The fact that the Tory party has responded so calmly to coming third in a nationwide election for the first time in its history is partly a triumph of expectation management. But the Tory calm is also because this isn’t actually that bad a result for them. They are only a point and a half behind Labour and the spread between first and third is only 4 points. For a governing party a year out from a general election, this isn’t that bad a result. It suggests that the Tories are in with a fighting chance of being the largest party at the next general election. If the Tories can hold Newark relatively comfortably in the by-election there next Thursday, the Tory party will go into the summer in good spirits.
For Labour, this result is a disappointment. Being beaten by Ukip is one thing, but only just edging the Tories is another. This result indicates that there is no tidal wave of enthusiasm for Labour. Instead, the party is going to have to try and eke out an election win.

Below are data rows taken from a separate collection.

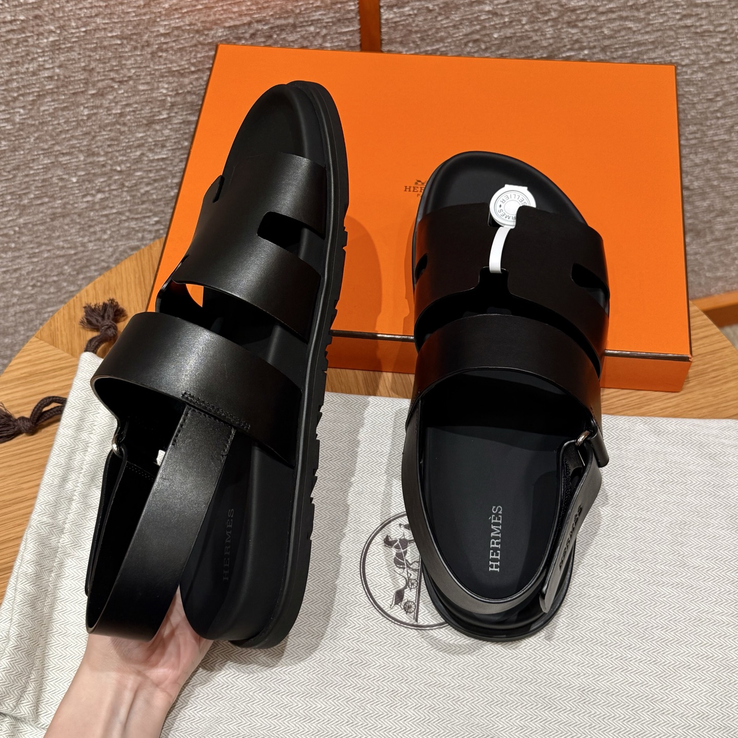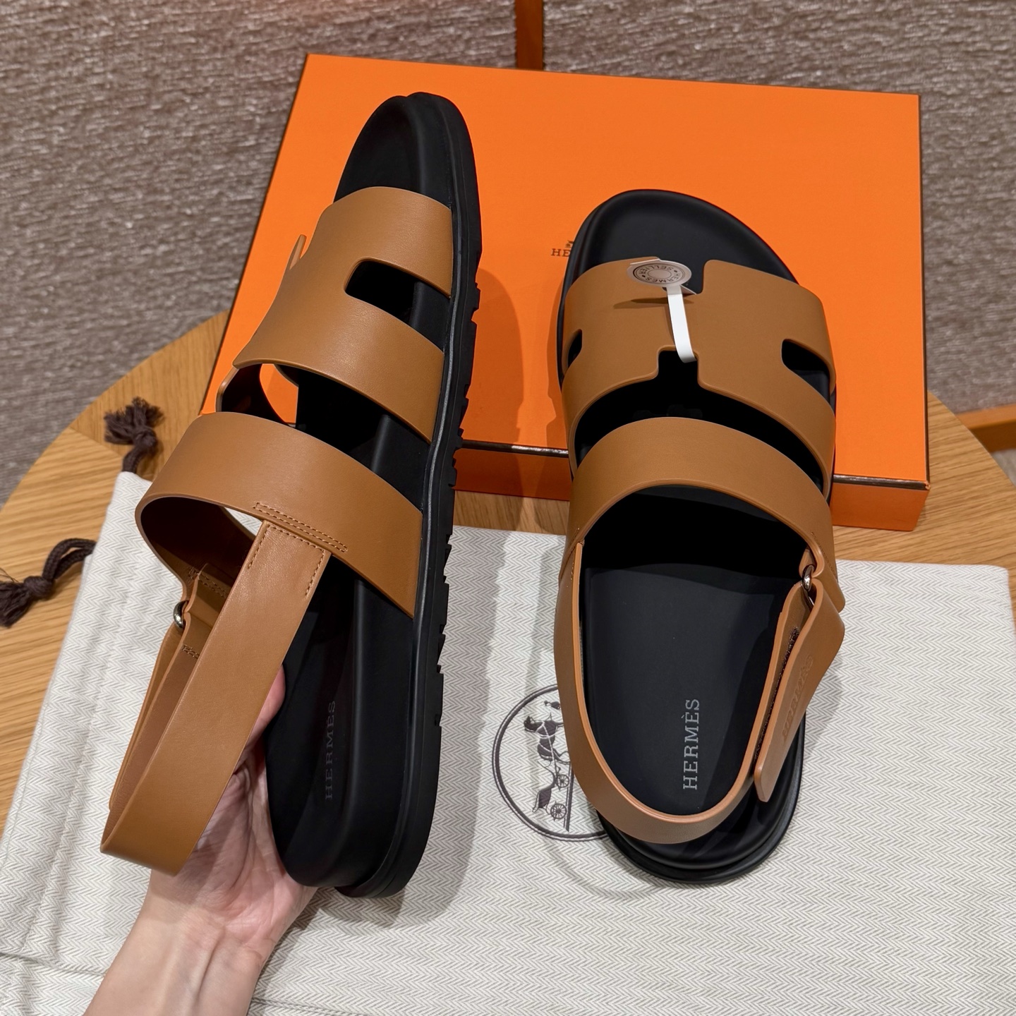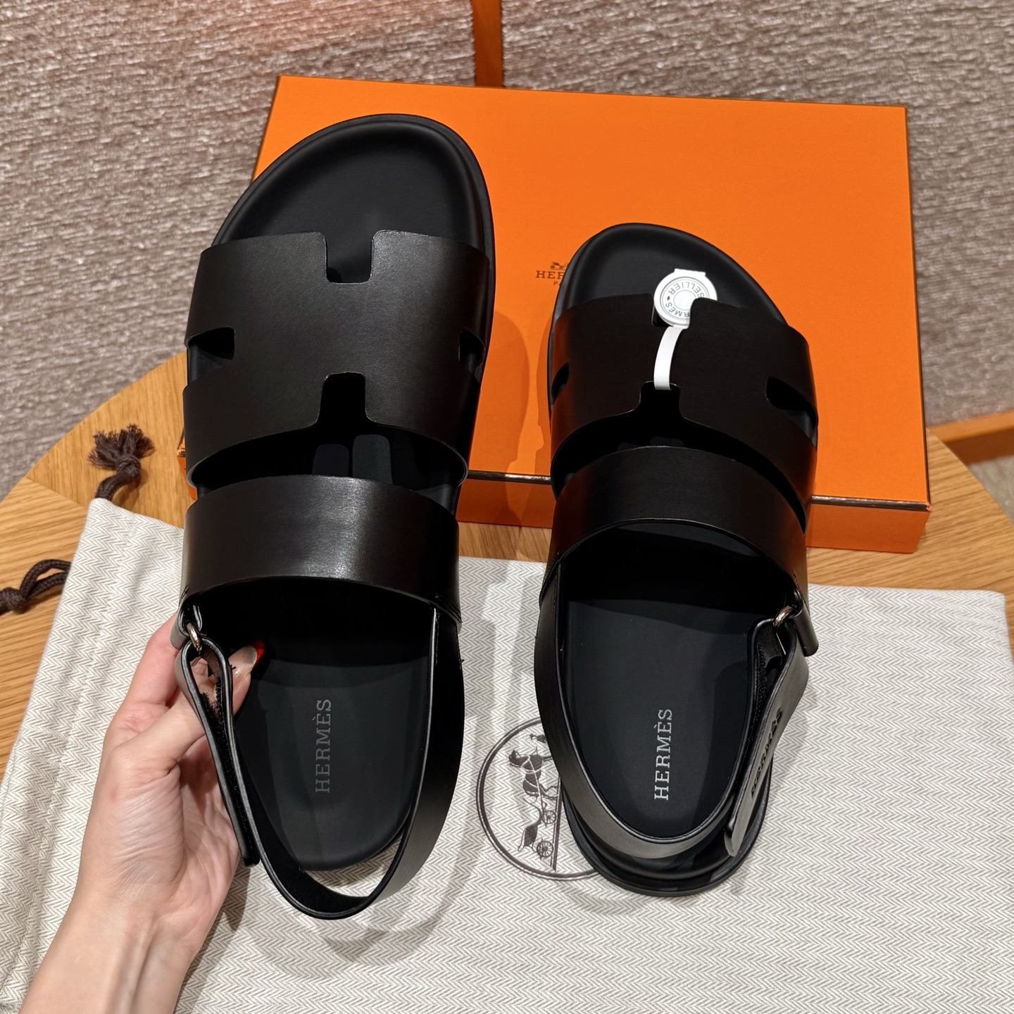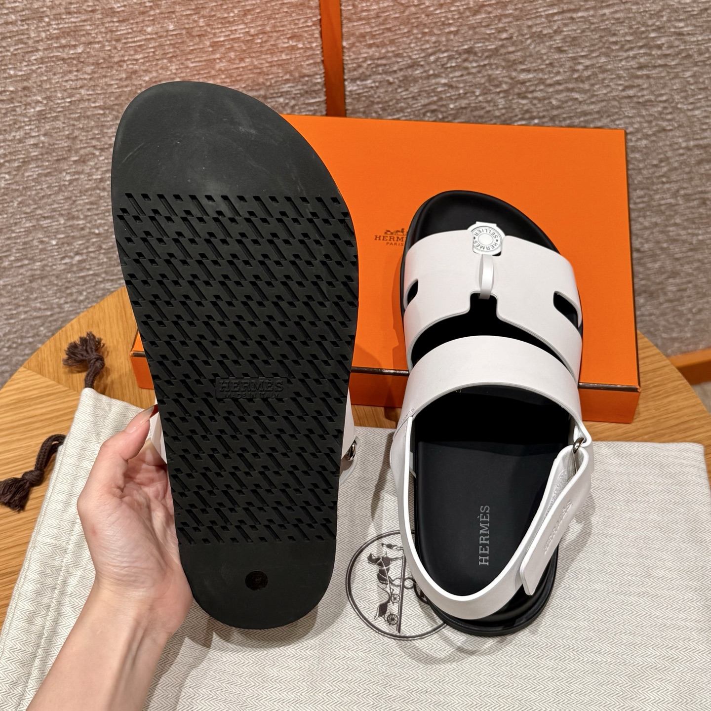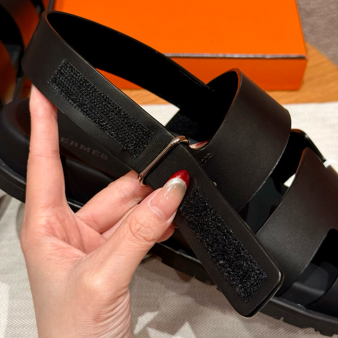 NIGO Hermes Men's Summer Solid Color Calfskin Suede Velcro Sandals Shoes #nigo75865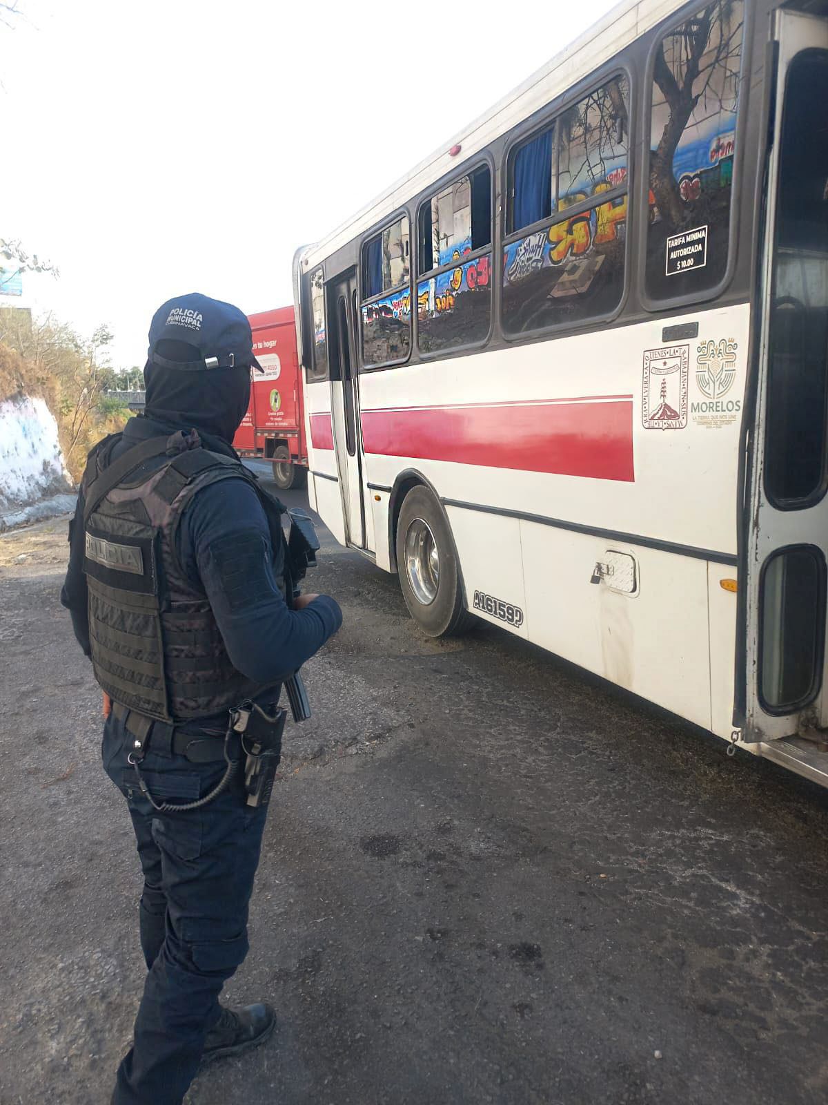 Como parte de estas acciones, se instalaron puntos de revisión estratégicos a la altura del IMSS (Norte–Sur) de la línea de autobuses Lasser, en la colonia Ricardo Flores Magón, y sobre la carretera federal Cuernavaca–Taxco, en la colonia Adolfo López Mateos, donde se realizaron inspecciones preventivas a unidades del transporte público, vehículos particulares y personas.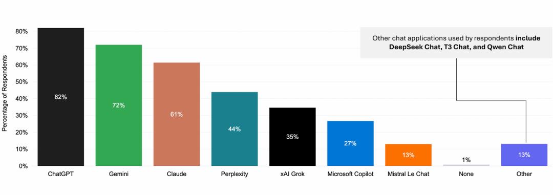 在最常用的大模型聊天工具上,ChapGPT的先发优势依旧,而Gemini和Claude紧随其后。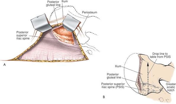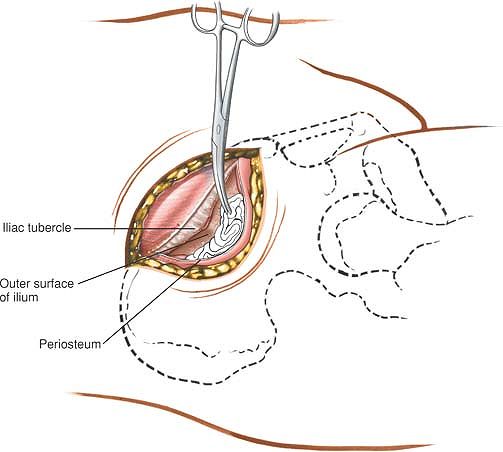 iliac wing and the overlying muscles. Using a blunt instrument,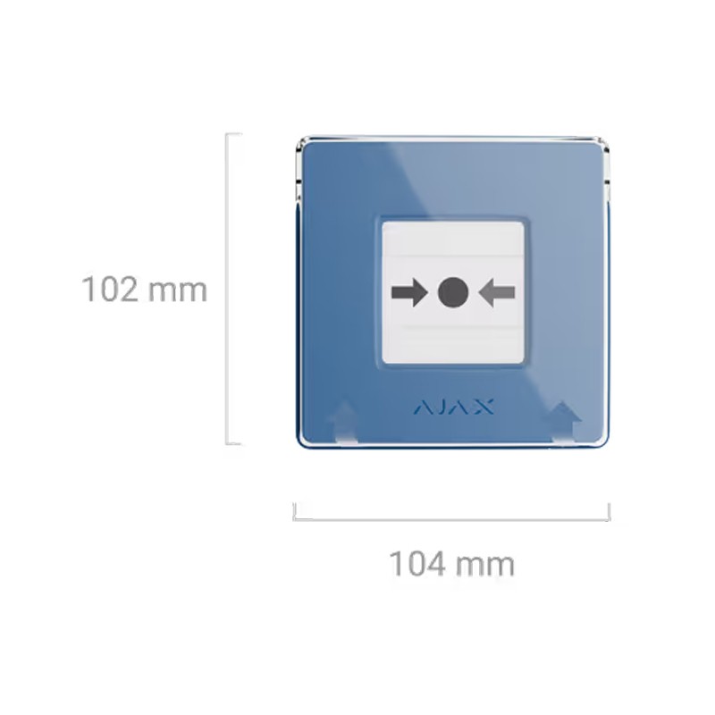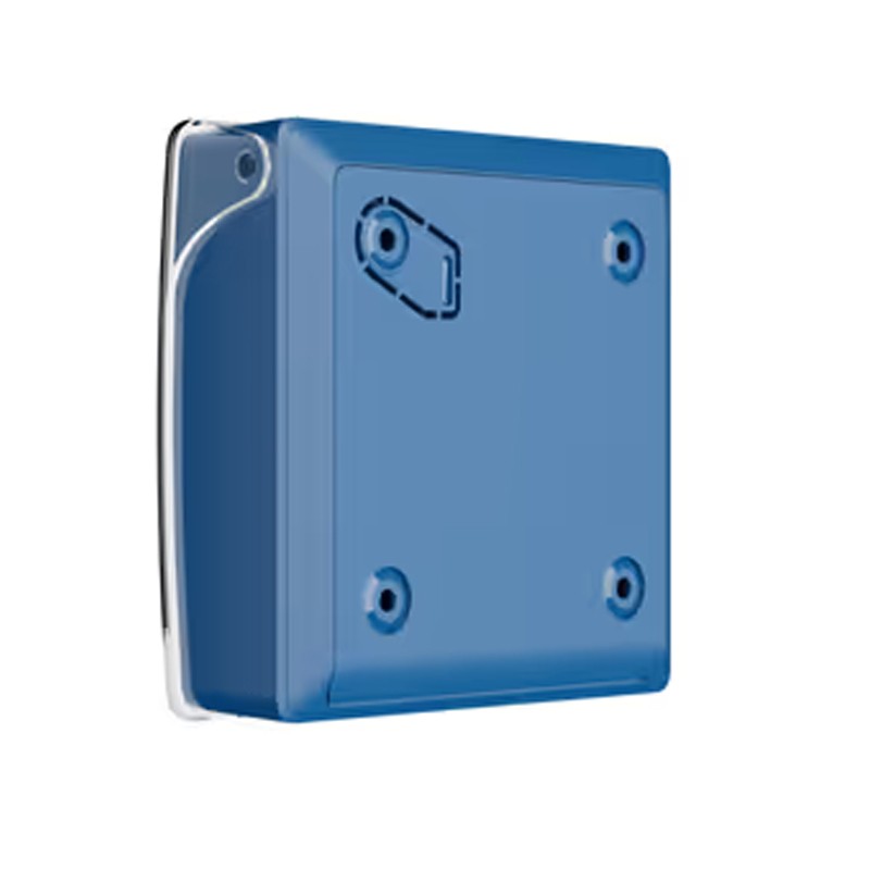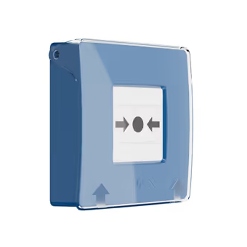 Wireless resettable button for manual fire alarm activation featuring programmable scenarios. Blue-colored version.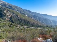 An aerial view of a winding road on the side of a lush green mountain. The elevated road provides an overlook of the stunning nature landscape, with mountains in the background under a clear blue sky.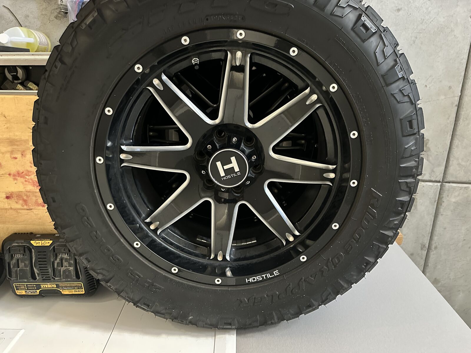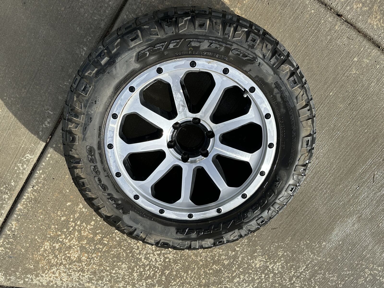 VenmoSelling a complete set of wheels and tires for a Ford F150. Hostile Alpha wheels with 275/60R20 NItto Ridge Grapler tires with new TPMS sensors. These were on my 2020 F150. I just put new tires on my truck at discount tire in June with the new TPMS sensors and have the receipt. The tires were only on the truck for 8k miles and have almost no wear on them. I put the stock wheels back on the truck to turn in and wont be getting anthoher F150 so have no need for these now. Having the TPMS sensors make it super nice to swap wheel without having to swap sensors back and forth between wheels. I also have a full size spare from a previous set of tires on a brand new wheel that fit in the factory spare location. Wheel does not match as you can see if the photos. Please text if interested.
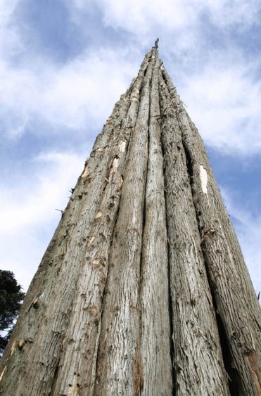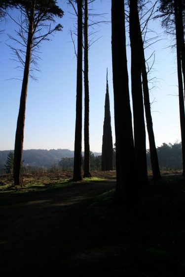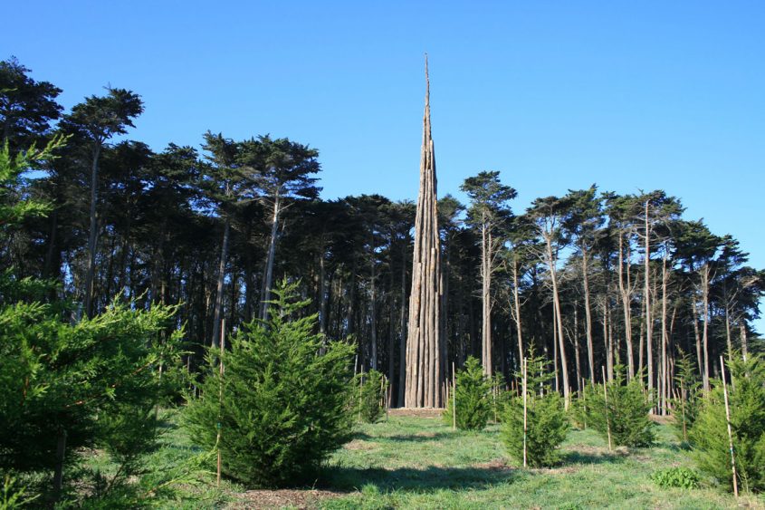 Because 100 000 trees of the forest were planted within only a couple of decades, the trees have aged together. Many trees, especially Monterey cypress and pine, have started to die off together. Spire (2008) is a 100-foot-tall totem dedicated to and comprised of thirty-seven aged cypress trees. The wooden obelisk tapers to a point that can be seen through the canopy from a nearby road. With an eye towards the future of the forest, Goldsworthy planted several young cypresses, which will grow to engulf Spire.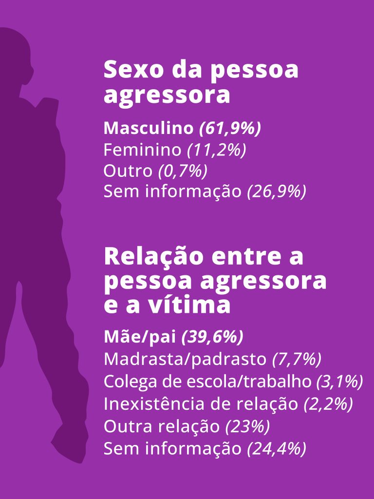 Entre 2022 e 2025 foram identificadas pessoas agressoras maioritariamente do sexo masculino (61,9%), sendo que, em 39,6% das situações, a pessoa agressora é a mãe ou o pai, o que evidencia a proximidade entre vítima e agressor.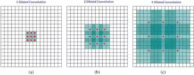 《通过空洞卷积做多规模的上下文聚合》的论文作者在多层空洞卷积以外创建了一个网络,其中的空洞率 l 每层都以指数级的方式增长。结果,当参数数量每层仅有直线式的增长时,有效的感受野实现了指数型的增长。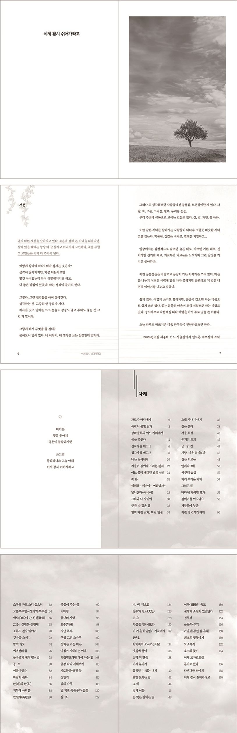 윤휘 시인은 진솔하고 간결한 문장으로 삶에 대한 웅숭깊은 사유를 그려 낸다. 그 속에는 보통 사람의 기쁨과 슬픔이, 여행지에서의 감회가, 지난날에 대한 애수가 고스란히 녹아 있다. 본 시집을 통해 시가 이미 우리 삶 속에 스며 있음을, 얼핏 누추해보이는 생의 순간 속에도 아름다움이 깃들어 있음을 새삼 배울 수 있다. 페이지 한쪽에는 각 시와 어울리는 이미지들이 독자의 공감을 돕고 색다른 즐거움을 더한다.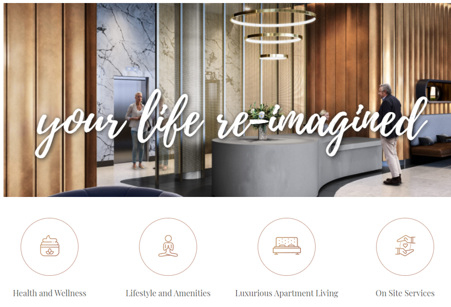 The development is in collaboration with upmarket Perth developer Norup+Wilson. The fact that it will operate under the Retirement Village Act is not mentioned in any of the marketing copy – just in the small print.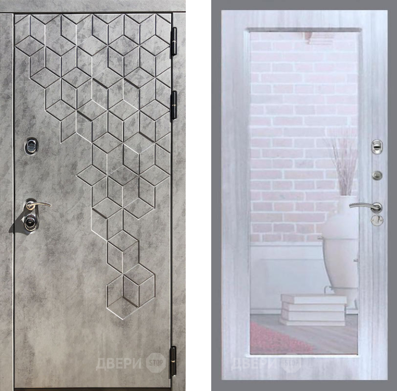 Входная Дверь Рекс (REX) 23 Зеркало Пастораль Сандал белый 860x2050 мм

One of the things that should worry Labour most is how little cut through its policy prospectus had in this campaign. Even big pledges, such as it is promise that everyone will be able to see a GP within 48 hours, didn’t get traction. As I said in the Mail on Sunday, one shadow Cabinet member’s explanation for this is that ‘no one believes it’. He fears that until Labour gets some credibility on spending and the public finances, nothing it says will be taken seriously.
I expect that we’ll also see Labour MPs fretting publicly about how disconnected the leadership of the party has come from Labour’s base of support in the country. There is already grumbling that Oxford PPE graduates who live in large houses in London don’t understand the threat that Ukip poses to Labour’s working class vote.
Nick Clegg will be hurt by last night’s result. He is the most emotionally pro-European politician at the top of British politics and he’ll hate the sight of Ukip winning a nationwide vote. He’ll also know that it was his debates with Nigel Farage that gave Ukip momentum at the start of this campaign.
This result will also add to the debate over his leadership: losing 10 out of 11 MEPs and coming behind the Greens was an even worse result than the Liberal Democrats were braced for. There’ll be those who question the Lib Dem strategy in this campaign from the decision to challenge Farage to debate to positioning the party as the UK’s pro-European voice. There’ll also be mutterings that the problem wasn’t the message but the messenger, that Clegg is simply not believed by large chunks of the electorate any more. But, as I said yesterday, I expect that Clegg will hang on because there is no chance of a smooth transition and senior Liberal Democrats are not prepared to out the party through a bloody and divisive leadership without any guarantee of success.